#### [Exercise goal]
Every record below is to be restated word for word, and no picture is to be copied.

[Dataset Boundary: Start]

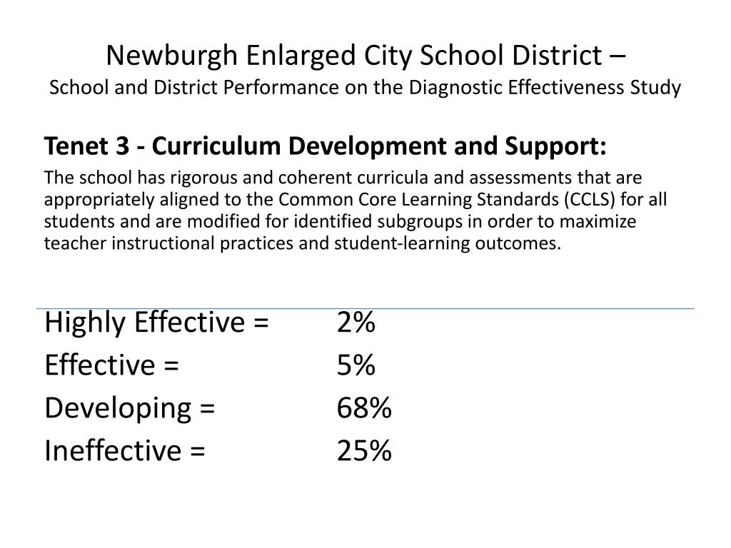 Newburgh Enlarged City School District – School and District Performance on the Diagnostic Effectiveness Study Tenet 3 ‐ Curriculum Development and Support: The school has rigorous and coherent curricula and assessments that are appropriately aligned to the Common Core Learning Standards (CCLS) for all students and are modified for identified subgroups in order to maximize teacher instructional practices and student‐learning outcomes. Highly Effective = 2% Effective = 5% Developing = 68% Ineffective = 25%
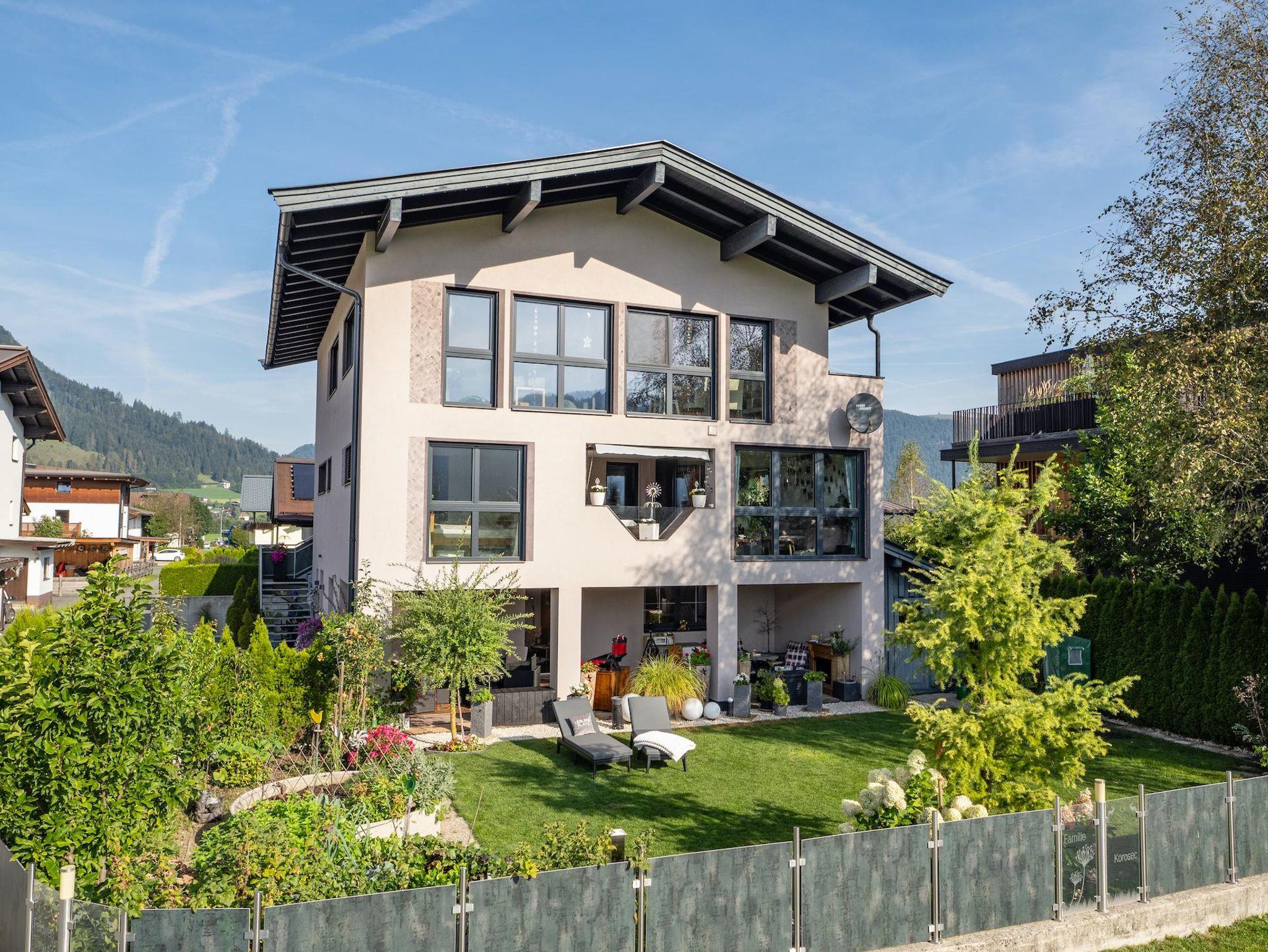 Gemütliches, nettes Einfamilienhaus, zwischen Kirchdorf und St. Johann in Tirol im Ortsteil Moosen gelegen, mit schönem Ausblick auf das Kitzbüheler Horn und den Wilden Kaiser.Im Sommer neben dem Radweg im Winter direkt neben der Langlaufloipe 5 min von der Bushaltestelle entfernt und 5 min ins Einkaufzentrum Die Wohnung befindet sich im Parterre mit Garten überdachter Terrasse ink.Gasgriller ideal für Familien mit Kindern Diverse Spielgerette vorhanden zb.Tischfussball Federball usw.
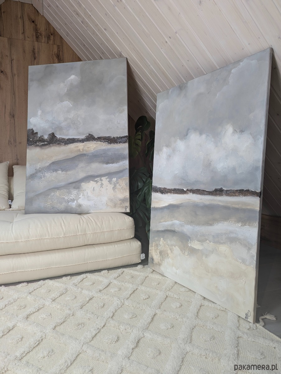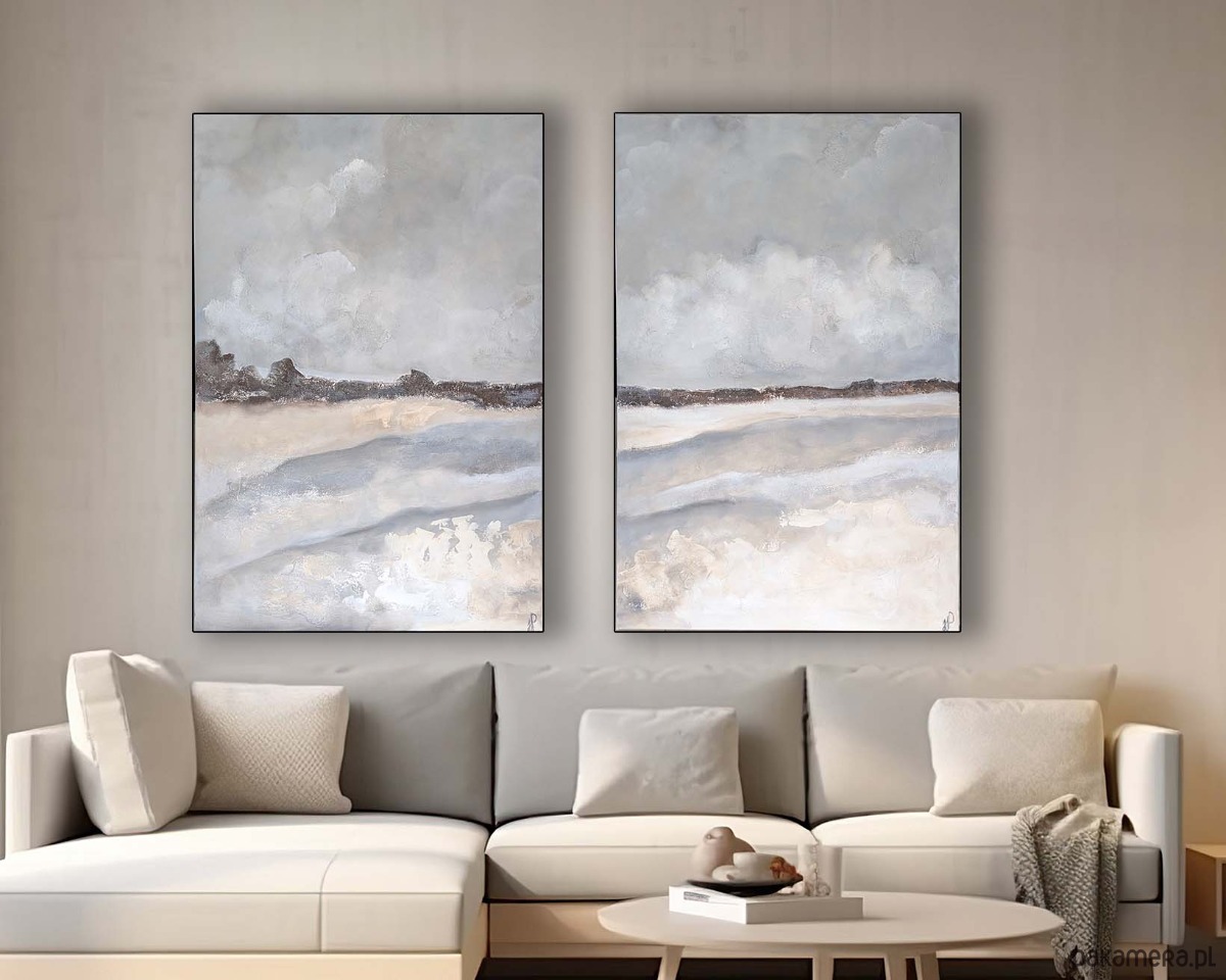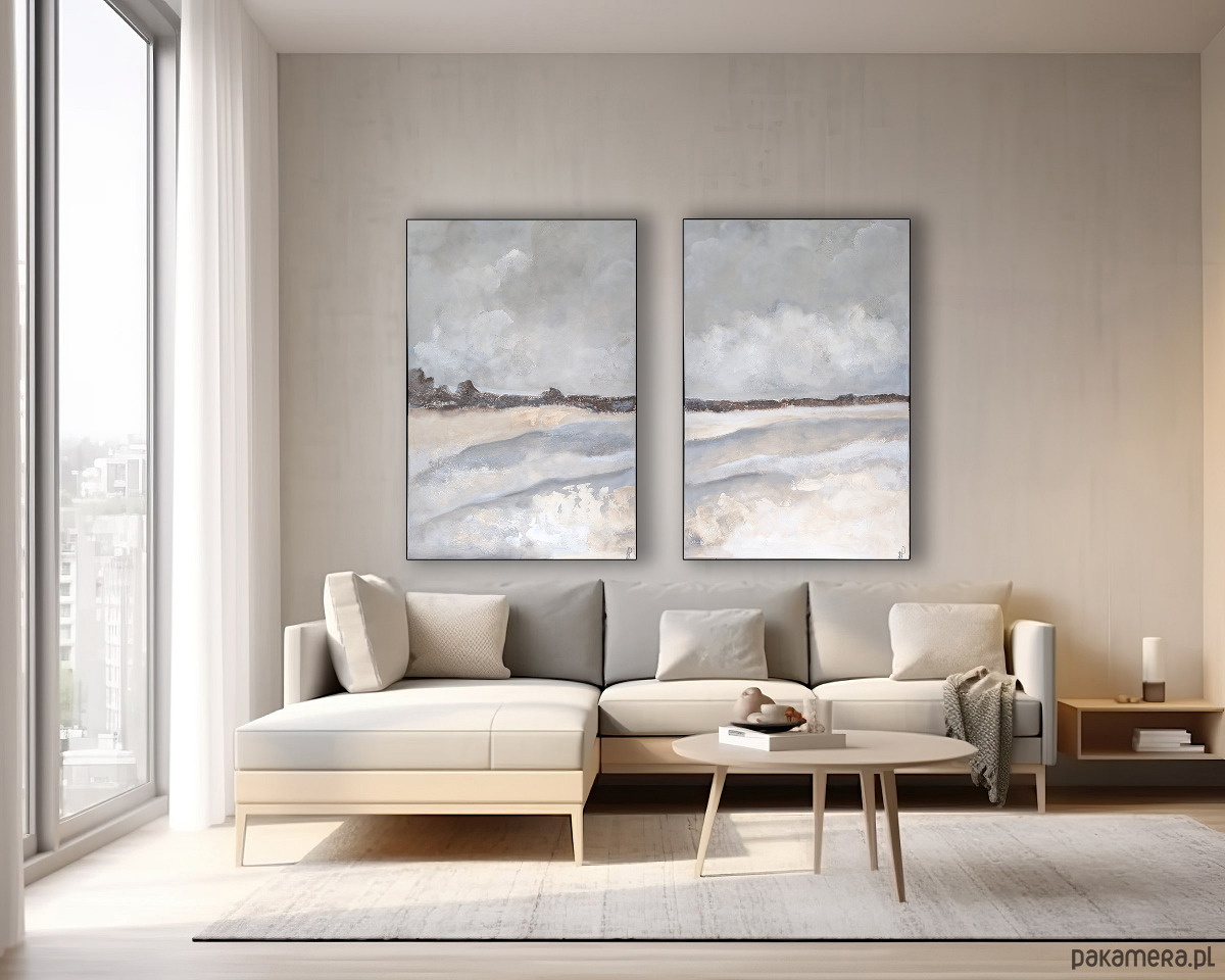 Wprowadź do swojego wnętrza odrobinę spokoju i elegancji dzięki temu oryginalnemu dyptykowi - zestawowi dwóch obrazów abstrakcyjnych. Utrzymane w stonowanej palecie beżu, szarości, bieli i taupe, obrazy inspirowane są minimalistycznym pejzażem i subtelnym światłem. Doskonale pasują do wnętrz w stylu nowoczesnym, skandynawskim lub klasycznie neutralnym.
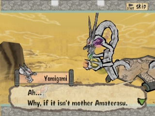 В настоящем времени Сусано, потомок Наги и самопровозглашенный величайший воин, разрушает печать Орочи, потому что не верит в легенду и хочет доказать ее ложность; Орочи сбегает и проклинает земли, высасывая жизнь из каждого живого существа. Сакуя, древесный призрак и хранительница деревни Камики, призывает богиню солнца Аматерасу, известную жителям деревни как реинкарнация белого волка Сирануи, и умоляет ее снять проклятие, накрывшее землю. В сопровождении художника Иссуна (существа высотой в дюйм, известного как Понкл) Аматерасу удается вернуть земле былую красоту.
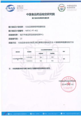 近日,山东省临沂市检验检测中心收到国家药监局综合司关于2022年检验能力验证计划满意结果的通报。食药中心参加的化妆品中铜绿假单胞菌检验能力验证结果为:满意。这是中心首次参加即通过的国家局组织的该项目的能力验证。
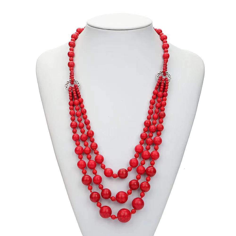 JMXD-Bohemian ethnic style red turquoise three-layer necklace jewelry retro elegant multi-layer long necklace

[Dataset Boundary: End]

#### [Answer to the exercise]
 Newburgh Enlarged City School District – School and District Performance on the Diagnostic Effectiveness Study Tenet 3 ‐ Curriculum Development and Support: The school has rigorous and coherent curricula and assessments that are appropriately aligned to the Common Core Learning Standards (CCLS) for all students and are modified for identified subgroups in order to maximize teacher instructional practices and student‐learning outcomes. Highly Effective = 2% Effective = 5% Developing = 68% Ineffective = 25%
 Gemütliches, nettes Einfamilienhaus, zwischen Kirchdorf und St. Johann in Tirol im Ortsteil Moosen gelegen, mit schönem Ausblick auf das Kitzbüheler Horn und den Wilden Kaiser.Im Sommer neben dem Radweg im Winter direkt neben der Langlaufloipe 5 min von der Bushaltestelle entfernt und 5 min ins Einkaufzentrum Die Wohnung befindet sich im Parterre mit Garten überdachter Terrasse ink.Gasgriller ideal für Familien mit Kindern Diverse Spielgerette vorhanden zb.Tischfussball Federball usw.
 Wprowadź do swojego wnętrza odrobinę spokoju i elegancji dzięki temu oryginalnemu dyptykowi - zestawowi dwóch obrazów abstrakcyjnych. Utrzymane w stonowanej palecie beżu, szarości, bieli i taupe, obrazy inspirowane są minimalistycznym pejzażem i subtelnym światłem. Doskonale pasują do wnętrz w stylu nowoczesnym, skandynawskim lub klasycznie neutralnym.
 В настоящем времени Сусано, потомок Наги и самопровозглашенный величайший воин, разрушает печать Орочи, потому что не верит в легенду и хочет доказать ее ложность; Орочи сбегает и проклинает земли, высасывая жизнь из каждого живого существа. Сакуя, древесный призрак и хранительница деревни Камики, призывает богиню солнца Аматерасу, известную жителям деревни как реинкарнация белого волка Сирануи, и умоляет ее снять проклятие, накрывшее землю. В сопровождении художника Иссуна (существа высотой в дюйм, известного как Понкл) Аматерасу удается вернуть земле былую красоту.
 近日,山东省临沂市检验检测中心收到国家药监局综合司关于2022年检验能力验证计划满意结果的通报。食药中心参加的化妆品中铜绿假单胞菌检验能力验证结果为:满意。这是中心首次参加即通过的国家局组织的该项目的能力验证。
 JMXD-Bohemian ethnic style red turquoise three-layer necklace jewelry retro elegant multi-layer long necklace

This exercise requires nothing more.